System Design: Watch History & Resume Playback

Requirements

Functional Requirements:

Record every video watched by a user with timestamp, duration watched, and completion percentage
Resume playback: when a user starts a partially-watched video on any device, playback resumes from the last position
Continue-watching row on the home screen showing in-progress videos sorted by last watched
Watch history page with search, filtering by date range, and deletion of individual entries
Cross-device synchronization: position updates on one device are reflected on all others within 5 seconds
Privacy controls: users can pause history recording, delete all history, or delete specific entries

Non-Functional Requirements:

200 million DAU, each watching an average of 2 hours of content
Position update events: every 10 seconds during playback = 200M users × 720 updates/session = 144B events/day = 1.67M events/sec
Resume position retrieval in under 100ms (it's in the playback start critical path)
99.99% availability for position reads (failure means poor user experience: video starts from the beginning)
Storage: 3 years of watch history per user

Scale Estimation

200M DAU × 2 hours average = 400M viewing hours/day. Position update events: 1 event every 10 seconds × 7,200 seconds per 2-hour session = 720 events/user/day. Total: 200M × 720 = 144B events/day = 1.67M events/sec. However, we only need to persist the latest position per user-video pair — the intermediate events are transient. Persistent writes (last position per video at session end): 200M × 3 videos/day = 600M writes/day = 6,944/sec. Watch history records: 200M users × 3 videos/day × 365 days × 3 years = 657B records. At 100 bytes per record = 65.7TB. Continue-watching feed: 200M users × 10 in-progress videos = 2B entries in hot storage.

High-Level Architecture

The architecture separates the hot path (real-time position tracking during active playback) from the warm path (watch history storage and retrieval). The Hot Path handles position updates during active playback. The video player sends a heartbeat every 10 seconds to the Position Service: {user_id, video_id, position_seconds, duration_seconds, device_id}. The Position Service writes the latest position to an in-memory cache (Redis) keyed by user_id:video_id. This cache serves resume requests — when a user starts a video, the player fetches the last position from Redis in under 10ms. Only the latest position per user-video pair is stored in Redis, keeping memory usage bounded.

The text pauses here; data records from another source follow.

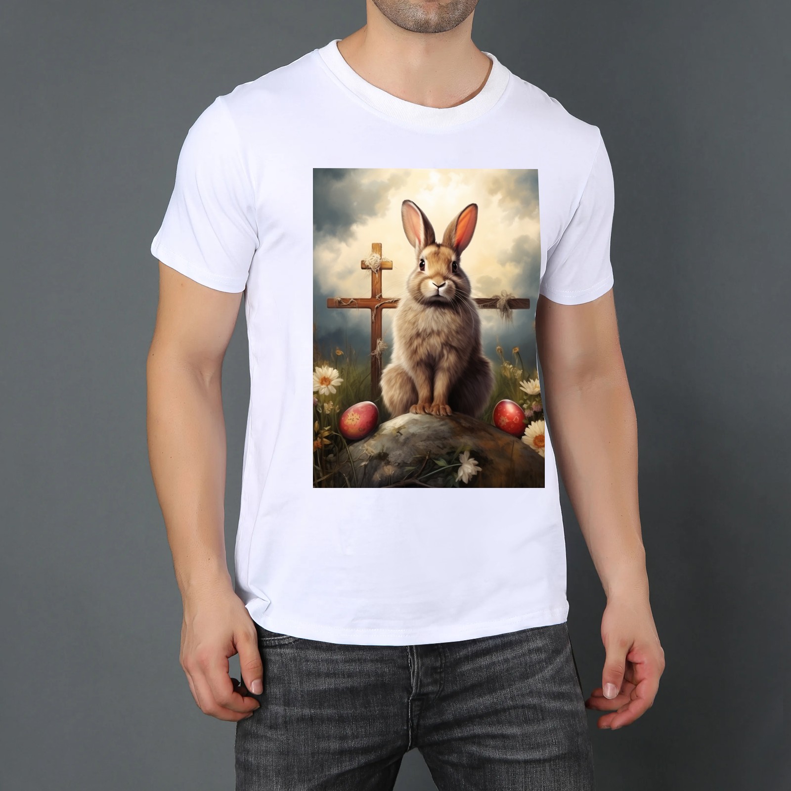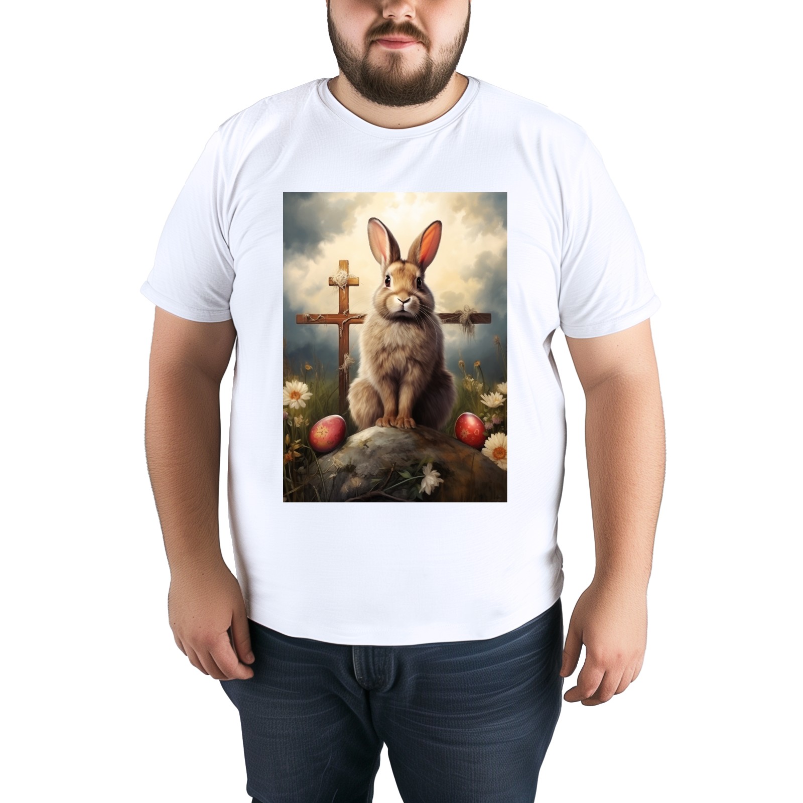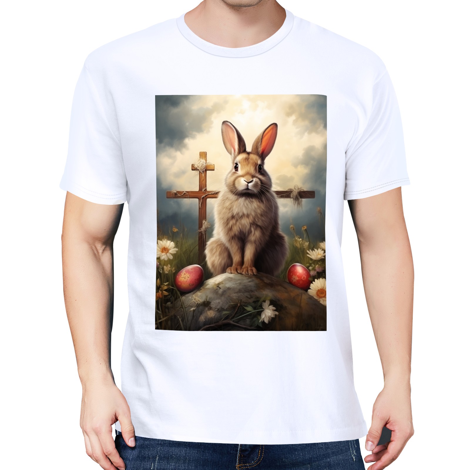 Basic Oversize Tees For WomenBjkj_Bunny_on_easter_cross_with_eggs_and_bunnies_in_the_style__4af49bce-276a-4d76-a946-314c15161949 Loose Boyfriend Shirts Casual Blouse round neck
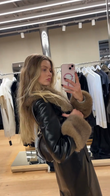 This coat is comfortable to wear, and the leather material lends it a layered and versatile feel. The faux fur trim adds a touch of dimension and comfort, making it an ideal piece for cooler weather.
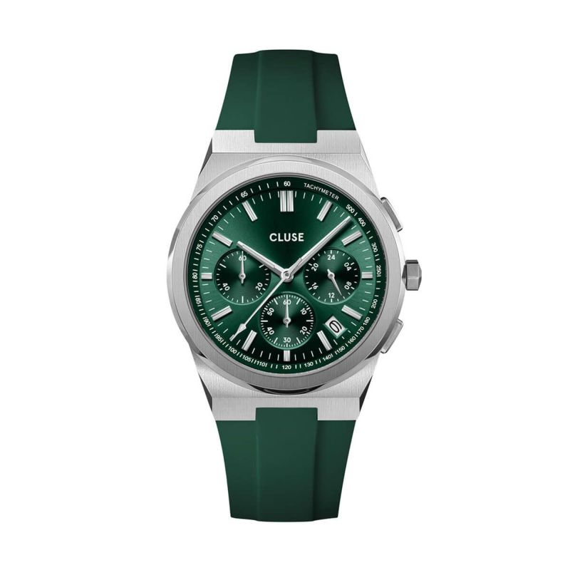 正規品 CLUSE クルース 腕時計 メンズ Vigoureux Chrono ヴィグルー クロノグラフ グリーン シルバー ラバーベルト cw 20808

The Warm Path persists watch history for long-term storage. When a viewing session ends (detected by position update timeout — no heartbeat for 60 seconds), a Session Finalizer writes the session summary to Cassandra: {user_id, video_id, watched_at, position_seconds, total_duration, completion_pct, device}. This write also updates the continue-watching list for the user. Cassandra is chosen for its write-heavy optimization and time-series access pattern (user_id partition key, watched_at clustering key for chronological history retrieval).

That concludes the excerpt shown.